Я почувствовал, что у меня начали гореть уши, потом щеки, затем запылало все тело. Во рту стало горько. И таким противным я сам себе показался! Вспомнил санчасть, где я пытался прикинуться больным, чтоб на занятия не пойти и тем временем конспект составить, вспомнил весь разговор с командиром роты. А он-то с самого начала знал, в чем дело!
– Товарищ старший лейтенант… – еле выдавил я из себя. – Не могу я беседу проводить… Лучше на гауптвахгу отправьте…
– Вы же больной, – говорит Куприянов.
– Нет, здоров я, – отвечаю каким-то чужим голосом и не могу оторвать глаз от пола.
– Тогда ограничимся одним нарядом, хотя можно было б и на гауптвахту отправить… – сказал командир роты и вздохнул тяжело.
С тех пор нет у меня охоты на занятиях отвлекаться посторонними делами. А если из сердца слова в письмо просятся, я их про запас берегу.
КИЛО ХАЛВЫ
Кто получал внеочередные наряды, тот знает: штука эта не сладкая. Ведь наказание отбываешь. И большей частью отбываешь в выходной день, когда твои товарищи отдыхают, веселятся, идут в городской отпуск.
Наряды бывают разные. Легче, например, отстоять сутки дневальным. Не страшно, когда на какую-либо работу посылают. Но идти в наряд на кухню… Нет горше ничего! Дрова коли, воду таскай, посуду мой, котлы и кастрюли чисть, наводи санитарию и гигиену на столах и на полах. Больно много нудных хлопот.
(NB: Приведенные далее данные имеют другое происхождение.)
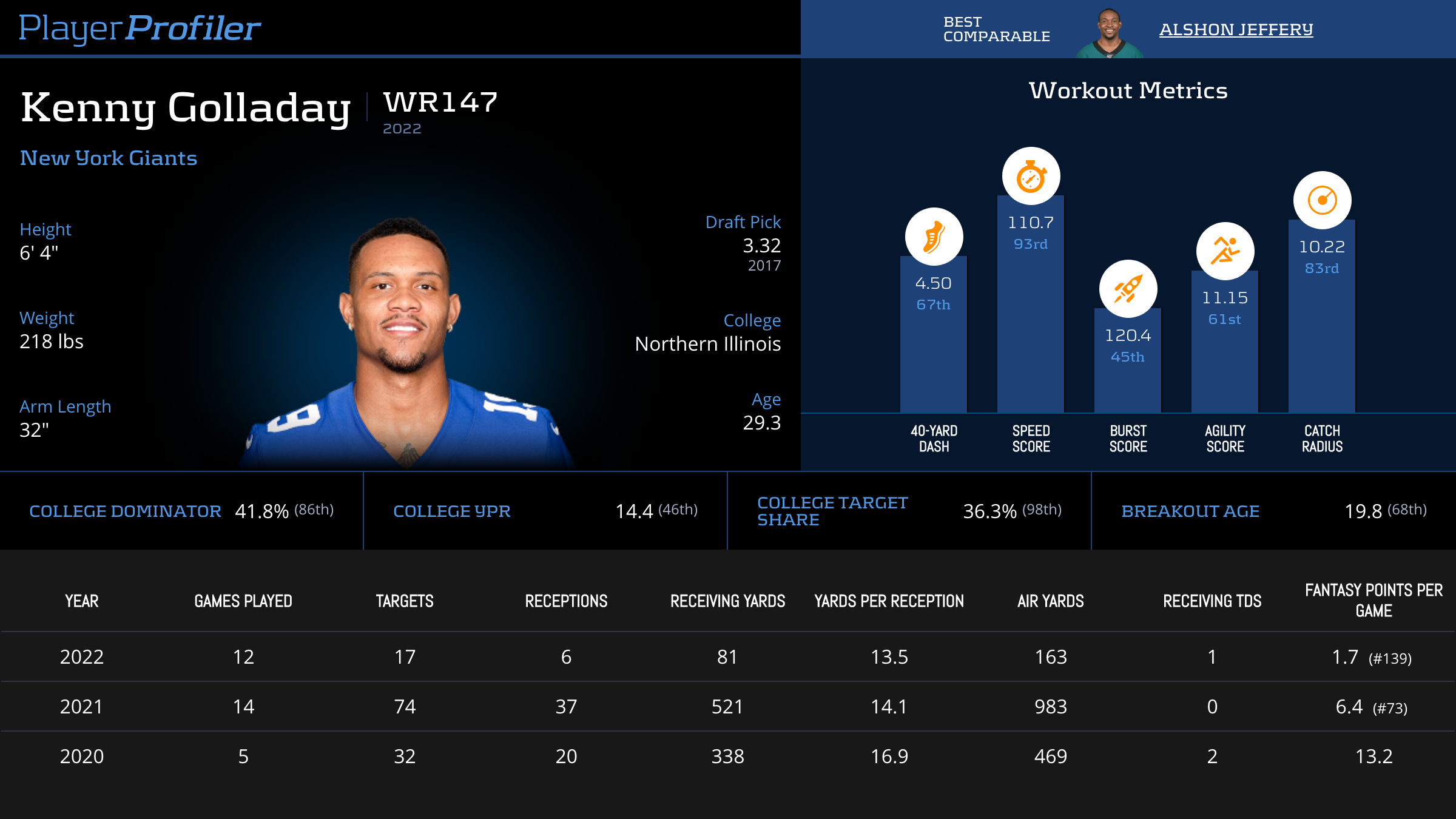 | Year Year | Games Games | Receptions Recs | Receiving Yards Rec Yds | Target Share Tgt Share | Catch Rate Catch Rate | Receiving Touchdowns Rec TDs | Special Teams Yards Special Teams | Age Age | School School |

И вот мне не повезло. Упек меня старшина Саблин в воскресный день на кухню отбывать взыскание, наложенное командиром роты. Это за то, что письмо на занятиях писал я. А тут еще картофелечистка на кухне сломалась, и приказали мне вручную чистить картошку. А заниматься этим не мужским делом я страх как не люблю! Может, потому, что история одна со мной приключилась, когда я подростком был.
Мать моя славится в Яблонивке доброй стряпухой. Если наша бригада выезжала на далекие поля, ее брали за повара. Во время одной косовицы я с товарищами искал на покосах гнезда перепелов. Мать увидела меня и заставила начистить картошки. Не мужское это дело. Но раз мать заставляет – не откажешься. Начистил я картошки, вымыл ее. Вечерело, смеркаться стало. Мать уложила в котел мясо, крупу, приготовила сало с поджаренным луком и другой приправой.
– Высыпь картошку в котел, – приказала она. Я мигом схватил ведро и перевернул его над кипящей водой, не разглядев в спешке, что под руку попало ведро с нечищеной картошкой и картофельной шелухой. А потом… что было потом, лучше не рассказывать. И не припомню я сейчас, чем меня мать колотила. Я только скулил и упрашивал:
– Быйтэ, мамо, но нэ кажить людям, Бо засмиють!..
А люди и без того засмеяли. С той поры я люблю картошку, когда она уже на столе.
Так вот, довелось мне-таки чистить картошку. Сижу я в подсобном помещении кухни – тесноватой комнате с двумя окнами, сижу и стружку с картошки спускаю. На мне поварской колпак, короткий халат и клеенчатый передник. Рядом со мной солдаты из соседней роты – Зайчиков и Павлов. Зайчиков – узкоплечий, губастый, с пожелтевшими зубами (видать, сладкое любит). Такому в самый раз на кухне сидеть. Павлов посерьезнее парень: строгий, неразговорчивый, ростом покрупнее меня. Чистит картошку и фокстрот насвистывает. Вижу, оба хлопца проворно с картошкой расправляются. У каждого из них уже по полведра, а у меня только дно прикрыто.